(DATA FOR ANALYSIS begins)

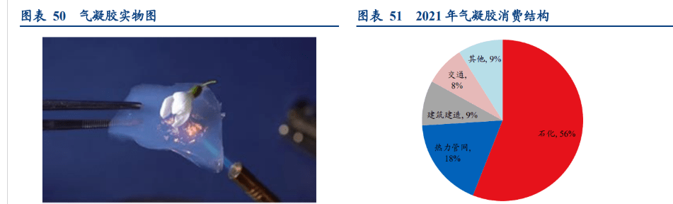 气凝胶是一种具有纳米多孔网络结构、并在孔隙中充满气态分散介质的固体材料,也是世界上最轻的固体。由于独特的结构,气凝胶在热学、声学、光学、电学、力学等多个领域都展示出优异的性能。目前商业化应用的气凝胶主要围绕其高效的隔热能力展开,下游用于石油化学工业、热力管网、锂电池、建筑建材、户外服饰、航天、军工等多个领域。
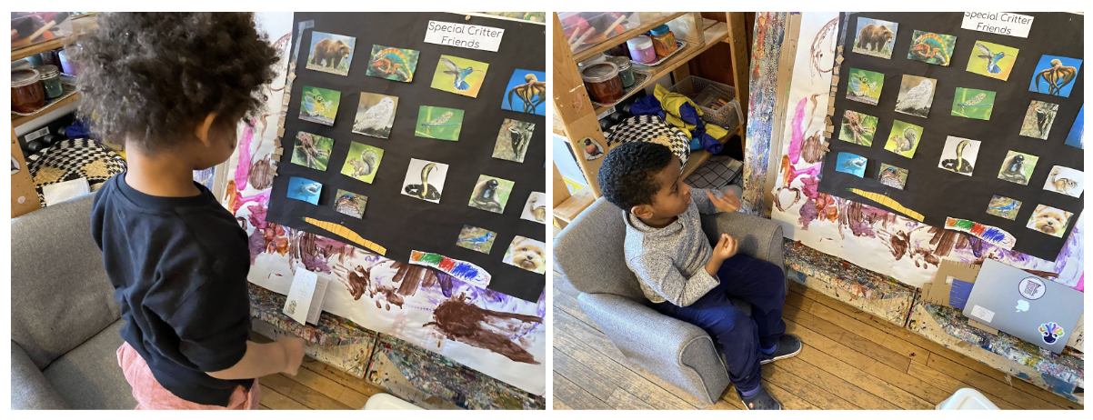 To introduce the idea of Special Critter Friends, when the children came to the studio in small groups they encountered a photo of Lyra, the protagonist of the Dark Materials story, with her daemon Pan. I explained that despite their differences (e.g., Lyra is big, Pan is small) they are friends and because of their differences they complement each other (e.g., Lyra can get things that are high up and Pan can go into small spaces).
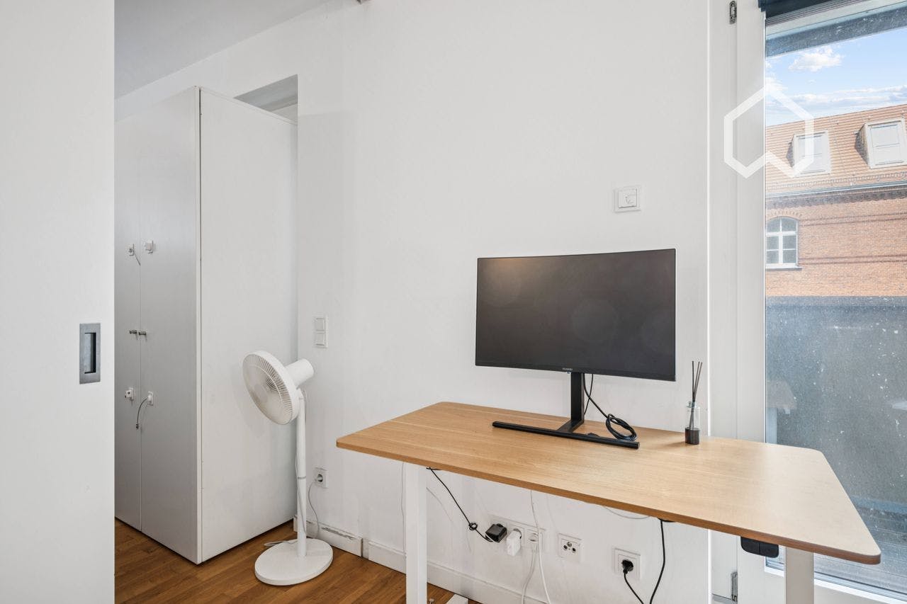 All-inclusive furnished 1.5-room apartment in Berlin-Schöneberg This fully furnished apartment in the Schöneberg district is perfect for students, interns, and professionals. ? What’s included: Fully furnished (TV, sofa bed, king-size bed, full kitchen, washer-dryer, Air Fryer, Sandwich Toaster, Blender, Kettle) High-speed internet (700 Mbit/s) All utility bills (electricity, heating, water) Workstation with ergonomic desk and OLED monitor Sunny west-facing balcony ? Location: Hauptstraße, Schöneberg 1 min to bus, 6–7 min to S-Bahn and U7 Less than 3-mins walk to the nearest supermarkets, gyms, post office, banks, and restaurants ? Just move in and start living!
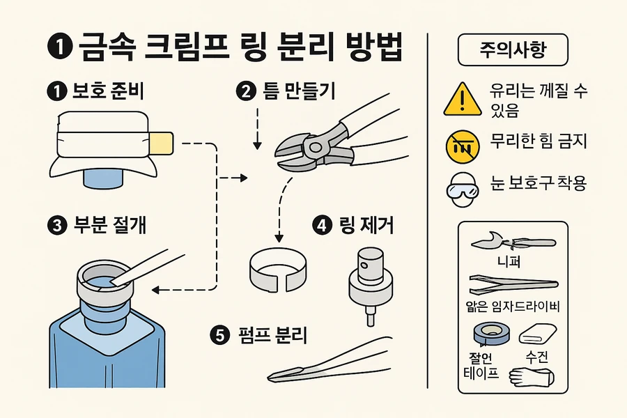 | 크림프(금속링) 아토마이저 | 목 부분 금속 링 | 니퍼·얇은 드라이버로 링 벌림 | 높음/유리파손 주의 |
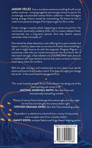 "Jason Velez lives a mundane existence installing EmuX virtual reality machines, scraping together just enough money to pay for his increasingly unsustainable science fiction collection, when he begins having strange dreams. He knows he has to make some personal changes if he hopes to get his life in order. Except change is exactly what's happening to those around him. His roommate's personality suddenly shifts. Jill, his closest single friend, retroactively has a long-term partner. And why doesn't anyone remember what a wristplex is? Disoriented by these alterations, and suffering from panic attacks and lapses in memory, Jason tries to convince his friends that something is off, and it might have to do with the enigmatic Progress Pilgrims--a mysterious order who can travel microseconds into the future. But if that wasn't enough, a flyer labeled only Equimedian leads Jason to a meditative self-improvement service that seems to know a little too much about Jason for comfort. With his walls closing in and nowhere else to turn, Jason must decide where and how to finally make a stand. If he does, he might just change the world--if the world doesn't change him first"--

(DATA FOR ANALYSIS ends)

EXERCISE DIRECTIONS:
No pictures should appear; only the lines from the first line of the records through the line with "높음/유리파손 주의 |", both included, are to be restated word for word.

RESPONSE:
 气凝胶是一种具有纳米多孔网络结构、并在孔隙中充满气态分散介质的固体材料,也是世界上最轻的固体。由于独特的结构,气凝胶在热学、声学、光学、电学、力学等多个领域都展示出优异的性能。目前商业化应用的气凝胶主要围绕其高效的隔热能力展开,下游用于石油化学工业、热力管网、锂电池、建筑建材、户外服饰、航天、军工等多个领域。
 To introduce the idea of Special Critter Friends, when the children came to the studio in small groups they encountered a photo of Lyra, the protagonist of the Dark Materials story, with her daemon Pan. I explained that despite their differences (e.g., Lyra is big, Pan is small) they are friends and because of their differences they complement each other (e.g., Lyra can get things that are high up and Pan can go into small spaces).
 All-inclusive furnished 1.5-room apartment in Berlin-Schöneberg This fully furnished apartment in the Schöneberg district is perfect for students, interns, and professionals. ? What’s included: Fully furnished (TV, sofa bed, king-size bed, full kitchen, washer-dryer, Air Fryer, Sandwich Toaster, Blender, Kettle) High-speed internet (700 Mbit/s) All utility bills (electricity, heating, water) Workstation with ergonomic desk and OLED monitor Sunny west-facing balcony ? Location: Hauptstraße, Schöneberg 1 min to bus, 6–7 min to S-Bahn and U7 Less than 3-mins walk to the nearest supermarkets, gyms, post office, banks, and restaurants ? Just move in and start living!
 | 크림프(금속링) 아토마이저 | 목 부분 금속 링 | 니퍼·얇은 드라이버로 링 벌림 | 높음/유리파손 주의 |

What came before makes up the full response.